Se apeó de su coche de paisano, dio un portazo y cruzó con paso decidido la puerta acristalada del edificio de William Street. Al pasar junto al recepcionista enseñó su placa.
—Teniente D'Agosta —dijo en voz alta, sin pararse—. Vengo a ver al doctor Heffler.
—Tiene que firmar, teniente…
Aun así fue derecho al ascensor y pulsó el botón del último piso, donde había instalado Heffler sus reales, en un despacho esquinero de lo más confortable con paredes de roble. Al salir del ascensor vio que no había ninguna secretaria en la antesala. Demasiado temprano. Lo cruzó tan campante y abrió de par en par la puerta del despacho.
Allá estaba Heffler.
—Ah, teniente… —empezó a decir el director, levantándose de modo brusco.
D'Agosta vaciló un momento. No era el Heffler al que estaba acostumbrado, el lustroso y altivo gilipollas con traje de mil dólares, sino un Heffler descuidado y cansado, con pinta de haberse llevado una bronca hacía poco tiempo.
Aun así se embarcó en el discurso que traía ensayado.
—Doctor Heffler, hace más de sesenta horas que esperamos…
—¡Sí, sí! —dijo Heffler—. Y tengo los resultados. Me los acaban de entregar. Llevamos trabajando en ellos desde las tres.

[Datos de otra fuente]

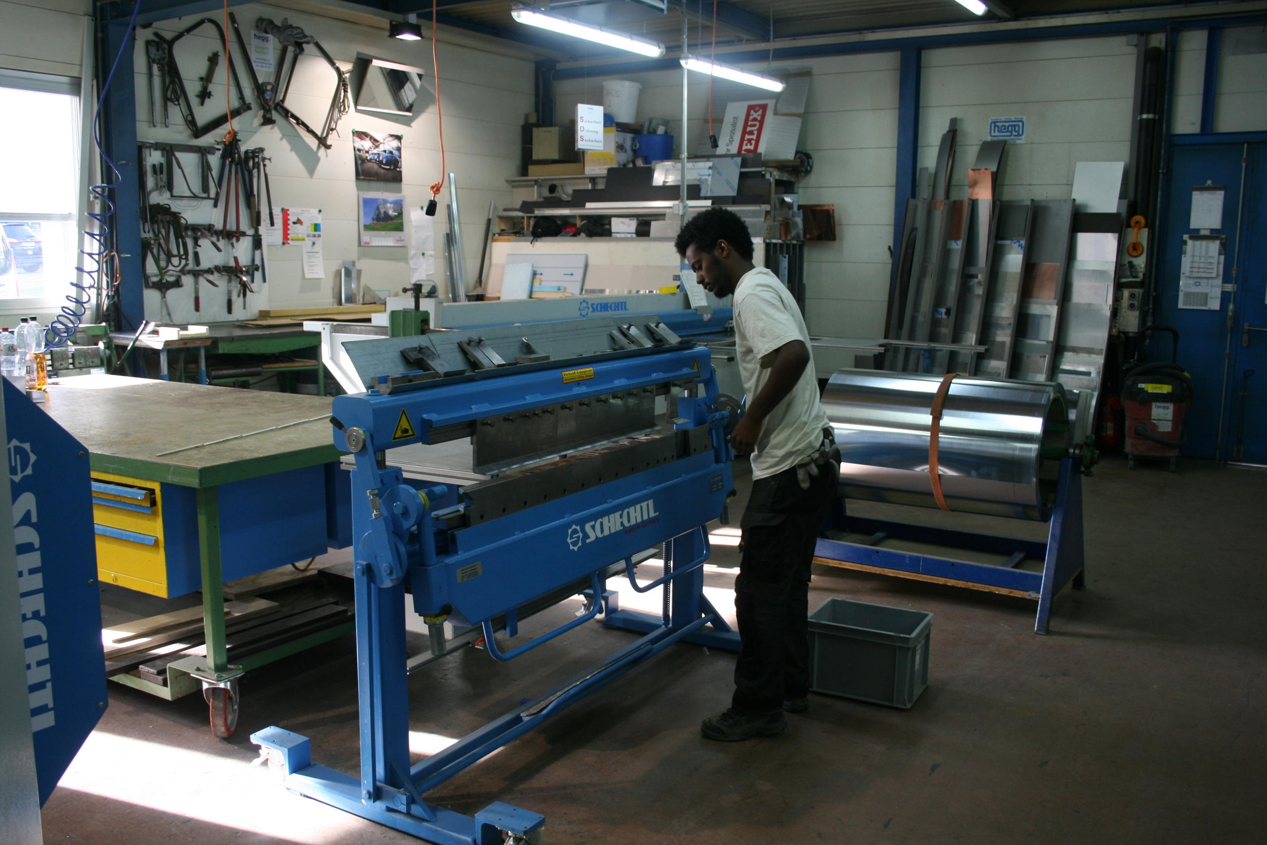 ヘッグは板金細工や屋根ふきを専門としている会社だ。ソロモンさんの隣に立つ経営者のハンス・ホイビさんは、「この業界で訓練生を探すのはなかなか大変だ。この職はもう大勢の若者を惹きつけられる職ではない。外の仕事が多く、天気も関係ないし、かなりの重労働だ」と語る。「1週間の実習の間、彼の仕事ぶりを見て、うちで見習い期間の1年を引き受けようと思った。彼にとってもチャンスだが、うちにとっても一つの投資だ。後続の世代が必要だから」
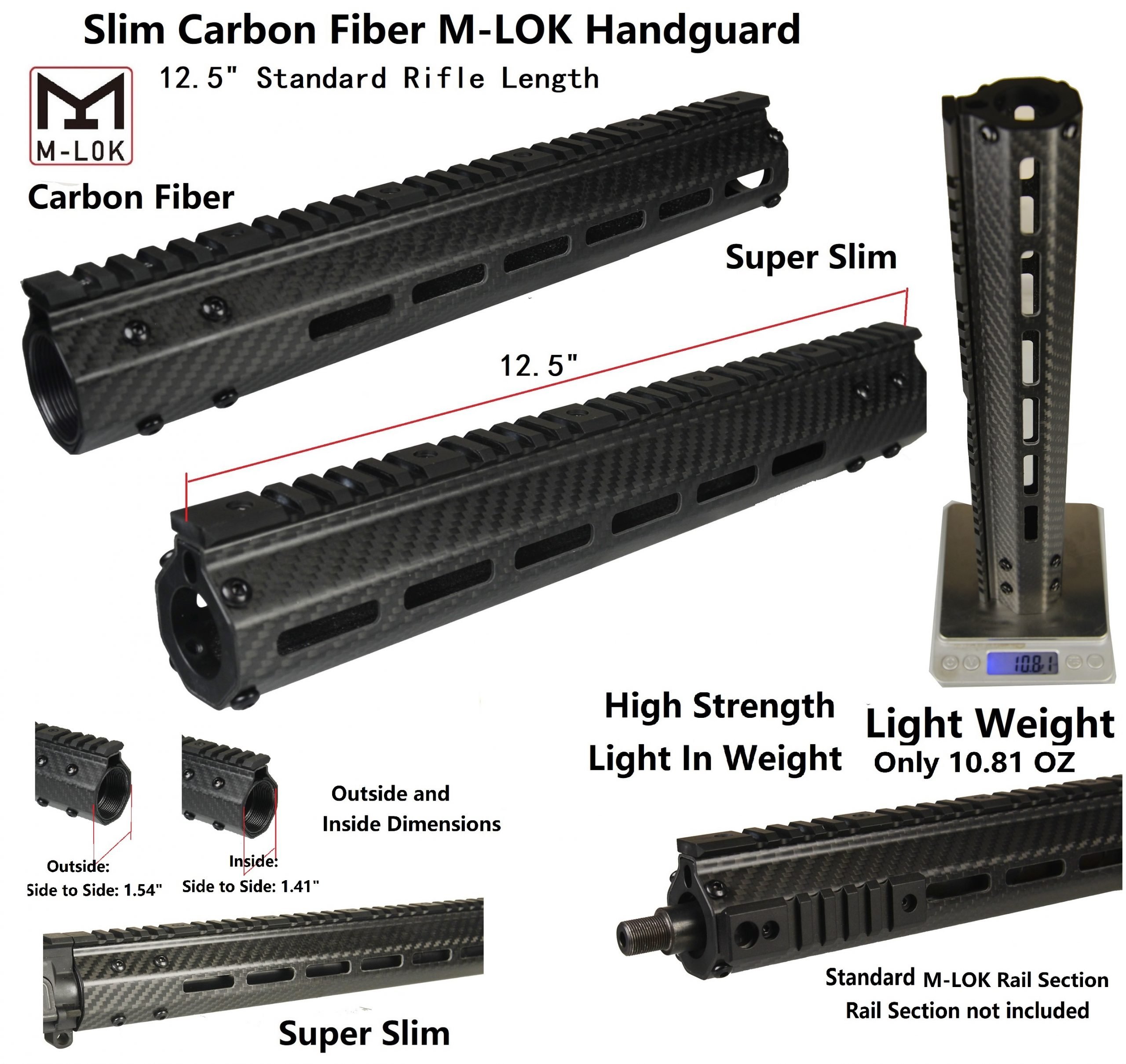 DB TAC .223/5.56 Carbon Fiber 12.5 Inch Free Float M-Lok Handguard Light Weight Picatinny/Weaver Rail

Silencio. Las cuidadas uñas de Heffler dieron golpes ansiosos en una carpeta apoyada en la mesa.
—Está todo aquí dentro. Le pido disculpas por el retraso, pero es que andamos mal de personal. Con los últimos recortes… Qué le voy a decir.
La mirada que lanzó a D'Agosta fue entre sarcástica y cohibida.
Sus palabras desinflaron por completo al teniente. Alguien más había hablado ya con Heffler. ¿Singleton? Hizo una pausa, respiró e intentó serenarse.
—¿Tiene los resultados de los dos homicidios?
—Por supuesto. Siéntese, teniente, por favor, y así los miramos juntos.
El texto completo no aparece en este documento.